In una prospettiva realistica, andrebbero preferite (a parità di condizioni, soprattutto per quel che si riferisce all'onestà delle intenzioni e al corretto comportamento) le popolazioni cattoliche o almeno cristiane, alle quali l'inserimento risulta enormemente agevolato (per esempio i latino‑americani, i filippini, gli eritrei, i provenienti da molti paesi dell'Est Europa, eccetera); poi gli asiatici (come i cinesi e i coreani), che hanno dimostrato di sapersi integrare con buona facilità, pur conservando i tratti distintivi della loro cultura. Questa linea di condotta ‑ essendo “laicamente” motivata - non dovrebbe lasciarsi condizionare o disanimare nemmeno dalle possibili critiche sollevate dall'ambiente ecclesiastico o dalle organizzazioni cattoliche.

Come si vede, si propone qui semplicemente il “criterio dell'inserimento più agevole e meno costoso”: un criterio totalmente ed esplicitamente “laico”, a proposito del quale evocare gli spettri del razzismo, della xenofobia, della discriminazione religiosa, dell'ingerenza clericale e perfino della violazione della Costituzione, sarebbe un malinteso davvero mirabile e singolare; il quale, se effettivamente si verificasse, ci insinuerebbe qualche dubbio sulla perspicacia degli opinionisti e dei politici italiani.

Il caso dei musulmani

Se non si vuol eludere o censurare tale realistica attenzione, è evidente che il caso dei musulmani vada trattato a parte.
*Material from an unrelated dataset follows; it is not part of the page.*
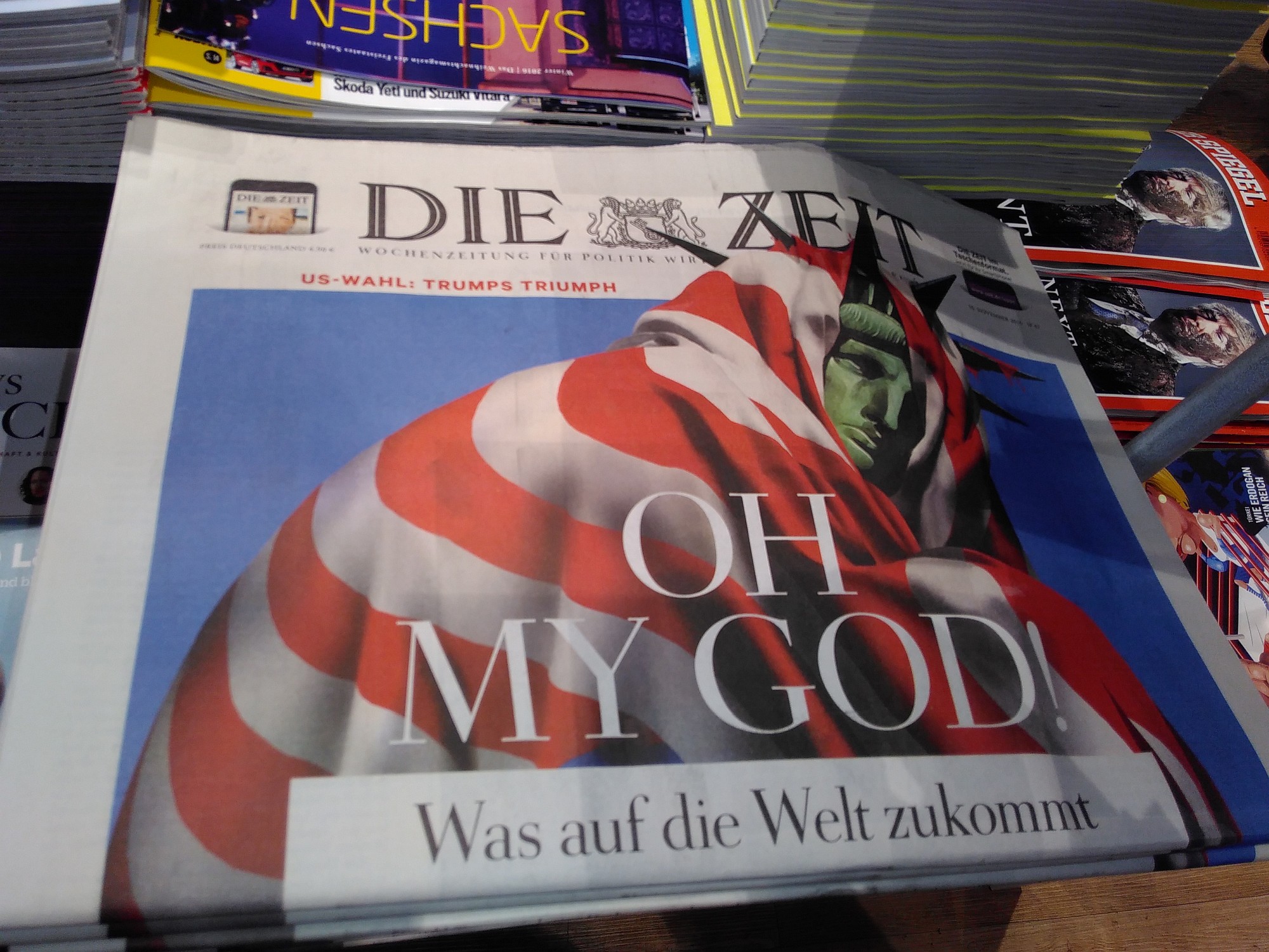 Der letzte Dienstag versetzte uns einen Schock und einen Tiefschlag, wie das aktuelle Titelblatt der Zeit zeigt. Nach einer Wahlkampagne, die ein bislang nicht gekanntes Maß an Rassismus, Sexismus und Unwahrheiten hervorbrachte, brachte Donald Trump die Mehrheit des Wahlkollegiums auf seine Seite. Ein Mann, der keine Werte kennt außer seinem Ego. Aber politischen Erfolg kann man ihn nicht absprechen – seit Dienstag.

Ed è sperabile che i responsabili della cosa pubblica non temano di affrontarlo a occhi aperti e senza illusioni.

Gli islamici ‑ nella stragrande maggioranza e con qualche eccezione ‑ vengono da noi risoluti a restare estranei alla nostra “umanità”, individuale e associata, in ciò che ha di più essenziale, di più prezioso, di più “laicamente” irrinunciabile: più o meno dichiaratamente, essi vengono a noi ben decisi a rimanere sostanzialmente “diversi”, in attesa di farci diventare tutti sostanzialmente come loro.

Hanno una forma di alimentazione diversa (e fin qui poco male), un diverso giorno festivo, un diritto di famiglia incompatibile col nostro, una concezione della donna lontanissima dalla nostra (fino a praticare la poligamia). Soprattutto hanno una visione rigorosamente integralista della vita pubblica, sicché la perfetta immedesimazione tra religione e politica fa parte della loro fede indubitabile e irrinunciabile, anche se aspettano prudentemente a farla valere di diventare preponderanti. Non sono dunque gli uomini di Chiesa, ma gli stati occidentali moderni a dover far bene i loro conti a questo riguardo.
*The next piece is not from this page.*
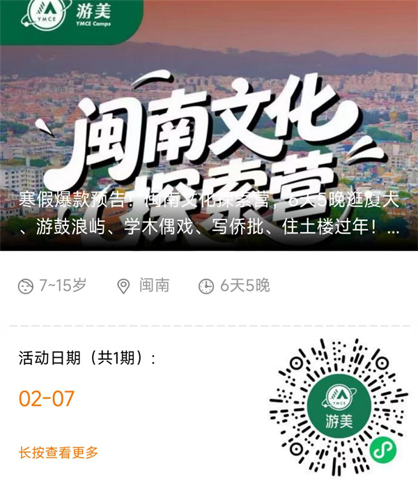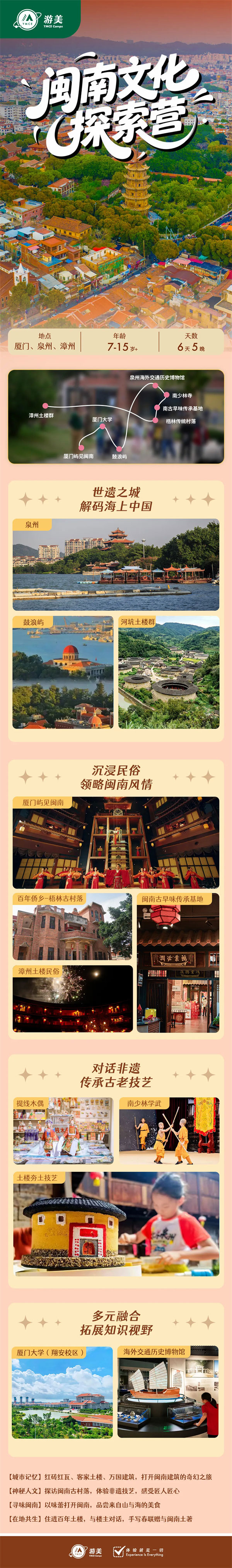 2026年寒假,游美·闽南文化探索营 将串联厦、泉、漳三城,带孩子步入一座“可触摸、可参与、有温度”的活态课堂。从地理与历史读懂闽南,以非遗体验反观人文,在“爱拼才会赢”的血液里,感受多元、包容、共生的力量——学会在多文化之间,自信交往,和而不同。

Va anzi detto qualcosa di più: se il nostro Stato crede sul serio nell'importanza delle libertà civili (tra cui quella religiosa) e nei princìpi democratici, dovrebbe adoperarsi perché essi siano sempre più diffusi, accolti e praticati a tutte le latitudini. Un piccolo strumento per raggiungere questo scopo è quello della richiesta che venga data una “reciprocità” non puramente verbale da parte degli stati di origine degli immigrati.

Scrive a questo proposito la Nota CEI del 1993: “In diversi paesi islamici è quasi impossibile aderire e praticare liberamente il cristianesimo. Non esistono luoghi di culto, non sono consentite manifestazioni religiose fuori dell'islam, né organizzazioni ecclesiali per quanto minime. Si pone così il difficile problema della reciprocità. È questo un problema che non interessa solo la Chiesa, ma anche la società civile e politica, il mondo della cultura e delle stesse relazioni internazionali. Da parte sua il papa è instancabile nel chiedere a tutti il rispetto del diritto fondamentale della libertà religiosa” (n. 34). Ma ‑ diciamo noi ‑ chiedere serve a poco, anche se il papa non può fare di più.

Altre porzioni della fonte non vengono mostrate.